Your goal> The required output is the lines below from the line containing "- fűtés, meleg" to the line containing "Die erste, nach", inclusive, retyped exactly. No other lines belong in it.
======== Data extract ========
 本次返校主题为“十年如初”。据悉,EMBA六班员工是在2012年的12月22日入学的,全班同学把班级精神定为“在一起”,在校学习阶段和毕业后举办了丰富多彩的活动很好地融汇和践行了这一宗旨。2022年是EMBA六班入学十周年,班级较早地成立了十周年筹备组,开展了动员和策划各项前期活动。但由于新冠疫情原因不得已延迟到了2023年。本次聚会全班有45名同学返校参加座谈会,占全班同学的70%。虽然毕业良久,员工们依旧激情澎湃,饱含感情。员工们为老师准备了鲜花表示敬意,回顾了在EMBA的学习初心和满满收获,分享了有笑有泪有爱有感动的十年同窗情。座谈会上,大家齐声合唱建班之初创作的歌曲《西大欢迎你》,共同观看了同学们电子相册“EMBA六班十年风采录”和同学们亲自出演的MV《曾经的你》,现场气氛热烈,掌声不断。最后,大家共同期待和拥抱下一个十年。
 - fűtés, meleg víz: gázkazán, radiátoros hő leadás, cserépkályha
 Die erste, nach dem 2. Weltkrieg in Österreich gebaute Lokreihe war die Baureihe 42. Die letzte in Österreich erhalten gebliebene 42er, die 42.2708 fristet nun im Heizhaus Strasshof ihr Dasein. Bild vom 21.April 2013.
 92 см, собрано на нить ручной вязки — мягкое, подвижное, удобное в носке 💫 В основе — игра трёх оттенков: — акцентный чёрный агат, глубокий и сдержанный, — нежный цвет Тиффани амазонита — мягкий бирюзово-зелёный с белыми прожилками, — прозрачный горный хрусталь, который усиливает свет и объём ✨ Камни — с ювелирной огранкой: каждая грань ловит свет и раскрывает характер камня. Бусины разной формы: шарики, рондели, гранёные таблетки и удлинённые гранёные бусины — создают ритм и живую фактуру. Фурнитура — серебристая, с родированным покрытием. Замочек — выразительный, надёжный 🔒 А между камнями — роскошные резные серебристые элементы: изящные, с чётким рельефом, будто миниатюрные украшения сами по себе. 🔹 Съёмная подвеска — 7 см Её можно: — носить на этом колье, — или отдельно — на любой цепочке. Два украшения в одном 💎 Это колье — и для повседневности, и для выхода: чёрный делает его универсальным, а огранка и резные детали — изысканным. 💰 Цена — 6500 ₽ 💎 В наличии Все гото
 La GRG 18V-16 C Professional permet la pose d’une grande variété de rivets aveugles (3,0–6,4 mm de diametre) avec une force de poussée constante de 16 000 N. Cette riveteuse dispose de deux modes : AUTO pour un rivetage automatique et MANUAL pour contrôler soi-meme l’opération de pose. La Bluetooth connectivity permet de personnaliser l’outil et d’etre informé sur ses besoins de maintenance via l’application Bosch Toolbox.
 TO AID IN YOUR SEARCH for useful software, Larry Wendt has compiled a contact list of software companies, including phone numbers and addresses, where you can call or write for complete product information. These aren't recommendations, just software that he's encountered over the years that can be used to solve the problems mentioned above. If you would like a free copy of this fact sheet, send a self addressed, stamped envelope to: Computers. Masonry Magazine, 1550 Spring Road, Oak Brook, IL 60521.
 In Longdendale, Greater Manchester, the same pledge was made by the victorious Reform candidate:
========
======== Data extract ========
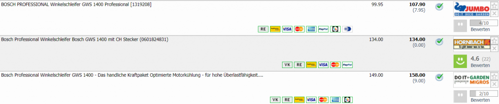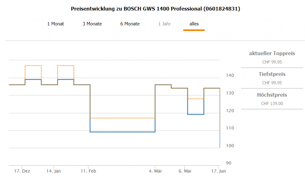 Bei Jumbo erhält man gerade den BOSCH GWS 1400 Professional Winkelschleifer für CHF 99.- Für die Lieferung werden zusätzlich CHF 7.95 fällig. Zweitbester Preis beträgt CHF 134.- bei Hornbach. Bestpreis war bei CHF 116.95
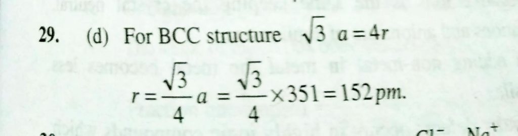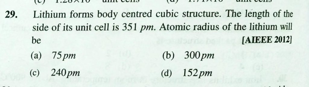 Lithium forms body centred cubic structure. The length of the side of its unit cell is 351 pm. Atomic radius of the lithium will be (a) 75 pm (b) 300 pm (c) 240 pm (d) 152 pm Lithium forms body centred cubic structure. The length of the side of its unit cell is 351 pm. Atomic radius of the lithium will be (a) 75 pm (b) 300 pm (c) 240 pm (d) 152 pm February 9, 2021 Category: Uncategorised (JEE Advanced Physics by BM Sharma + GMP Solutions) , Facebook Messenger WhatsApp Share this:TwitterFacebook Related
========
======== Data extract ========
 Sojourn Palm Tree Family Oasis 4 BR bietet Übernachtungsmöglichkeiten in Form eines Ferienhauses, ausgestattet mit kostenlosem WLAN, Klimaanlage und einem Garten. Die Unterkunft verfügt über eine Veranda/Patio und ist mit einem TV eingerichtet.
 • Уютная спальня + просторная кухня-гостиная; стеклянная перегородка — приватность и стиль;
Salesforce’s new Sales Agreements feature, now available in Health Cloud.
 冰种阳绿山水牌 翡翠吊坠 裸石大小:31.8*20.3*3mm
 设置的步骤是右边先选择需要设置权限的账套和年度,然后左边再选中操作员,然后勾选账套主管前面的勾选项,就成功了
========
Answer section>
 - fűtés, meleg víz: gázkazán, radiátoros hő leadás, cserépkályha
 Die erste, nach dem 2. Weltkrieg in Österreich gebaute Lokreihe war die Baureihe 42. Die letzte in Österreich erhalten gebliebene 42er, die 42.2708 fristet nun im Heizhaus Strasshof ihr Dasein. Bild vom 21.April 2013.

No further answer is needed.